* Records to process
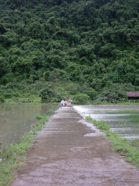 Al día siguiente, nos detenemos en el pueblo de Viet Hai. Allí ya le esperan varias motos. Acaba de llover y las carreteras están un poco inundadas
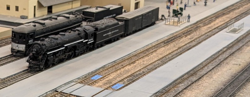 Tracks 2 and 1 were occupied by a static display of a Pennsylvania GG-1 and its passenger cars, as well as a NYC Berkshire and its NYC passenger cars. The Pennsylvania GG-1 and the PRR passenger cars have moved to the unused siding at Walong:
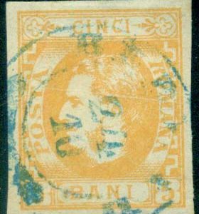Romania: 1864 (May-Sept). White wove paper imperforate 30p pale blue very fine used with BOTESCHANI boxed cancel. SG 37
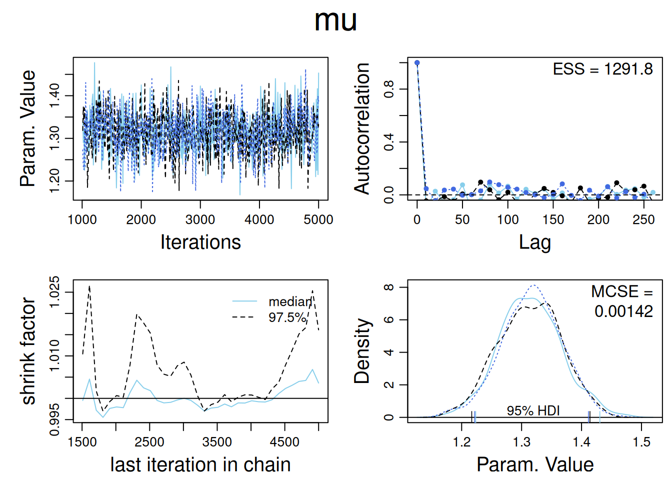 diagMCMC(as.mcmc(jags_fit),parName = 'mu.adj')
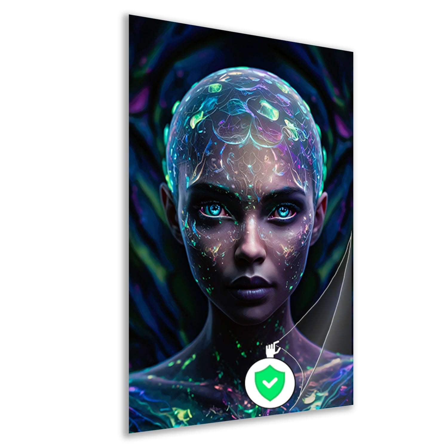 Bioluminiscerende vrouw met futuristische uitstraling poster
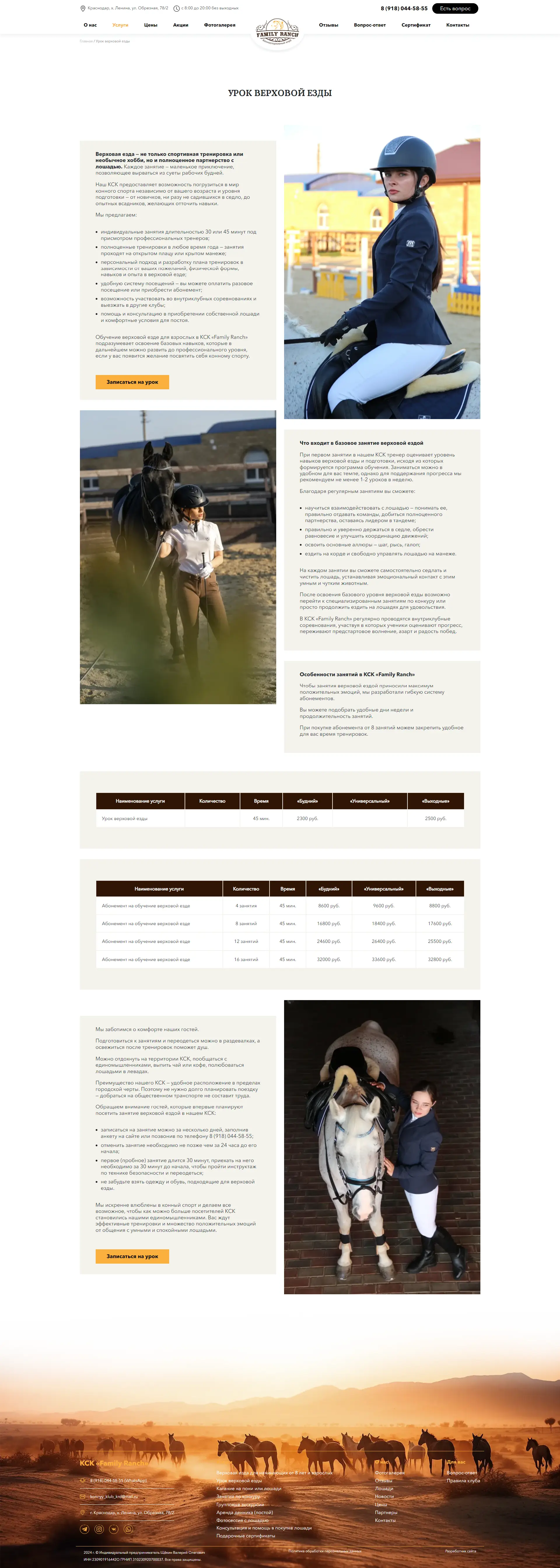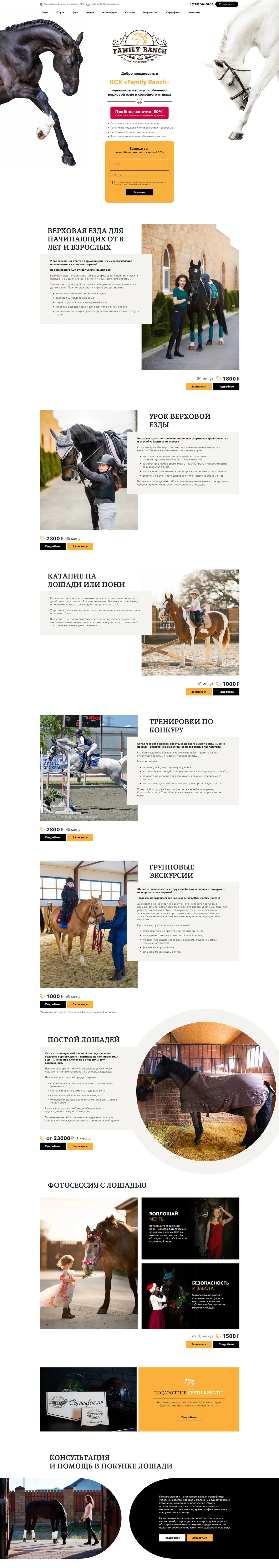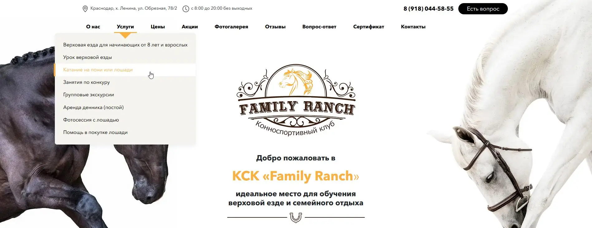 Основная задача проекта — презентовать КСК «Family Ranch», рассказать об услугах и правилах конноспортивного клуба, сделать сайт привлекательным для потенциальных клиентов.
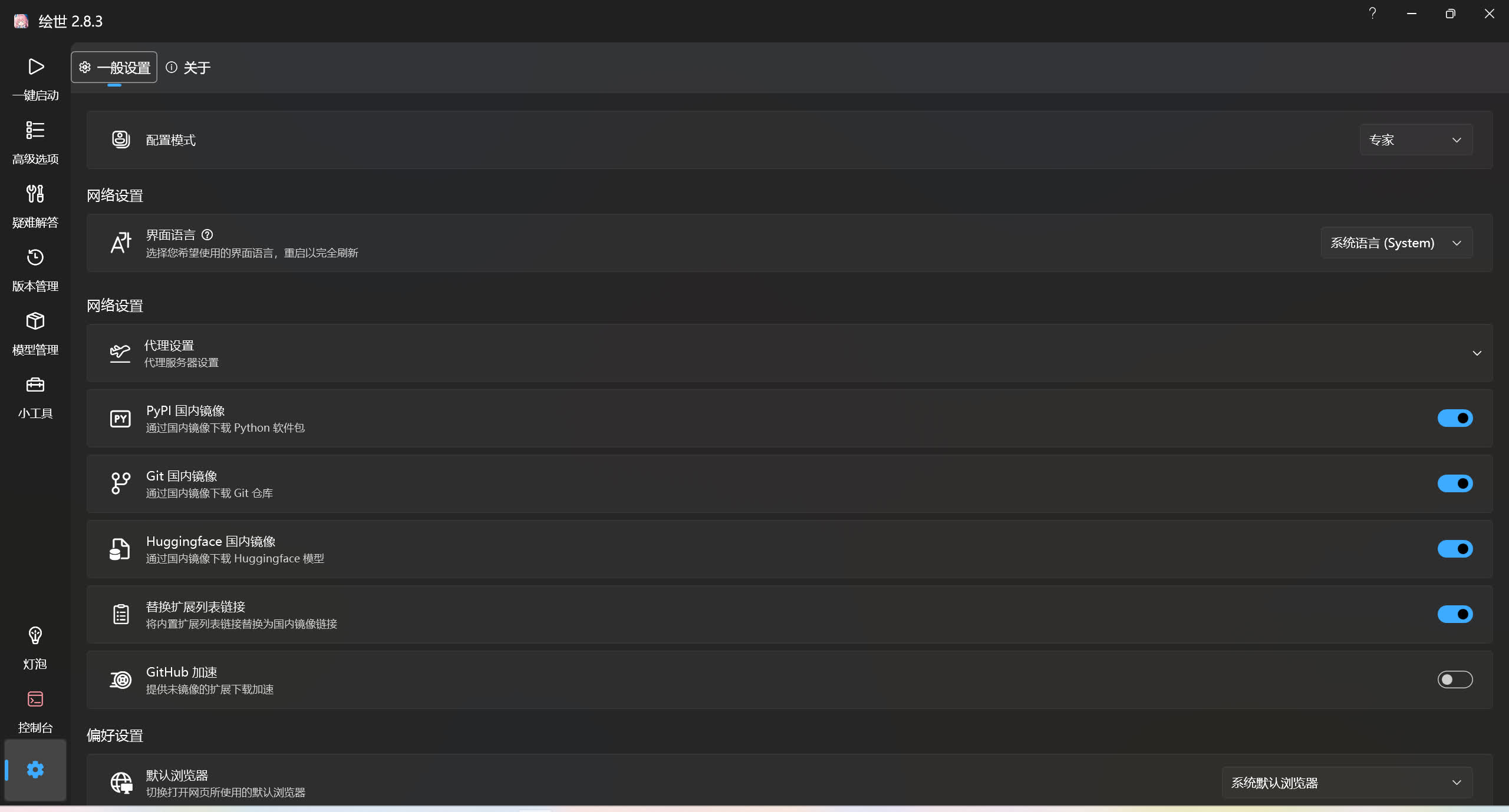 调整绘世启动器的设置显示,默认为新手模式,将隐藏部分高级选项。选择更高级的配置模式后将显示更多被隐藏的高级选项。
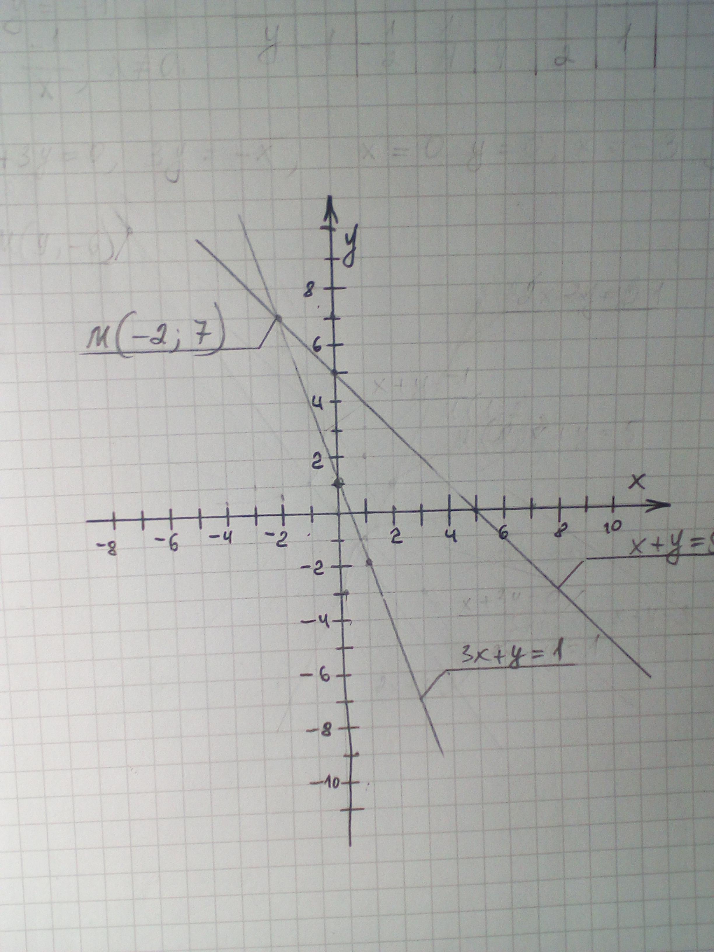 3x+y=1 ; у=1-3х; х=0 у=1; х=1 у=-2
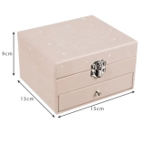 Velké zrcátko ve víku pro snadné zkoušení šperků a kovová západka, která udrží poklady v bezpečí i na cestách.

* Task directions
Please print every record exactly as written, without the pictures.

* Your solution
 Al día siguiente, nos detenemos en el pueblo de Viet Hai. Allí ya le esperan varias motos. Acaba de llover y las carreteras están un poco inundadas
 Tracks 2 and 1 were occupied by a static display of a Pennsylvania GG-1 and its passenger cars, as well as a NYC Berkshire and its NYC passenger cars. The Pennsylvania GG-1 and the PRR passenger cars have moved to the unused siding at Walong:
Romania: 1864 (May-Sept). White wove paper imperforate 30p pale blue very fine used with BOTESCHANI boxed cancel. SG 37
 diagMCMC(as.mcmc(jags_fit),parName = 'mu.adj')
 Bioluminiscerende vrouw met futuristische uitstraling poster
 Основная задача проекта — презентовать КСК «Family Ranch», рассказать об услугах и правилах конноспортивного клуба, сделать сайт привлекательным для потенциальных клиентов.
 调整绘世启动器的设置显示,默认为新手模式,将隐藏部分高级选项。选择更高级的配置模式后将显示更多被隐藏的高级选项。
 3x+y=1 ; у=1-3х; х=0 у=1; х=1 у=-2
 Velké zrcátko ve víku pro snadné zkoušení šperků a kovová západka, která udrží poklady v bezpečí i na cestách.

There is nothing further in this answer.